● **Data**
%%

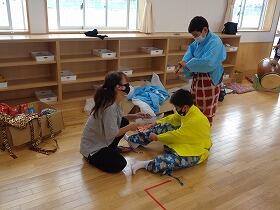 そこで、熱中症対策のため激しい動きは控えて、場所や動きの確認を中心とした練習にしました。また、20分間で外での練習を切り上げました。
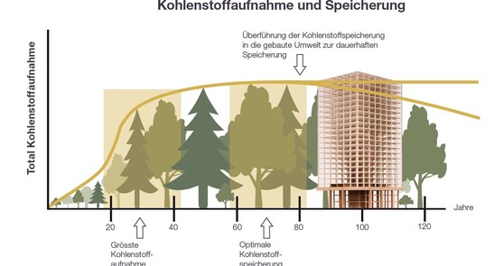 At around 30 years, a tree has the most efficient carbon uptake, because this is the time when it grows the most. After about 50 years is the ideal time for its felling and material use. This allows the stored carbon to be transferred to the built environment and stored for the long term. And there is room for young trees in the forest.
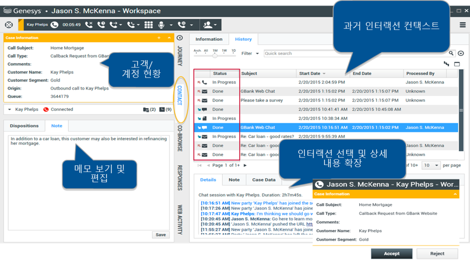 상담사가 전화, 비디오, 이메일, 채팅, SMS, 화면공유, 트위터, 페이스북, 업무 할당 등 모든 종류의 채널을 처리할 수 있는 통합 상담 애플리케이션입니다. 고객 여정 대시보드, 지식관리 등 다른 Genesys 솔루션에 대한 통합 뷰를 추가 할 수 있으며 타사 CRM과 안정적이고 효율적인 연동을 지원합니다.

%%

● **Task objective**
The lines from the one containing "At around 30" through the end of the data above are to be copied exactly, both ends included, and pictures are to be omitted.

● **Exercise response**
 At around 30 years, a tree has the most efficient carbon uptake, because this is the time when it grows the most. After about 50 years is the ideal time for its felling and material use. This allows the stored carbon to be transferred to the built environment and stored for the long term. And there is room for young trees in the forest.
 상담사가 전화, 비디오, 이메일, 채팅, SMS, 화면공유, 트위터, 페이스북, 업무 할당 등 모든 종류의 채널을 처리할 수 있는 통합 상담 애플리케이션입니다. 고객 여정 대시보드, 지식관리 등 다른 Genesys 솔루션에 대한 통합 뷰를 추가 할 수 있으며 타사 CRM과 안정적이고 효율적인 연동을 지원합니다.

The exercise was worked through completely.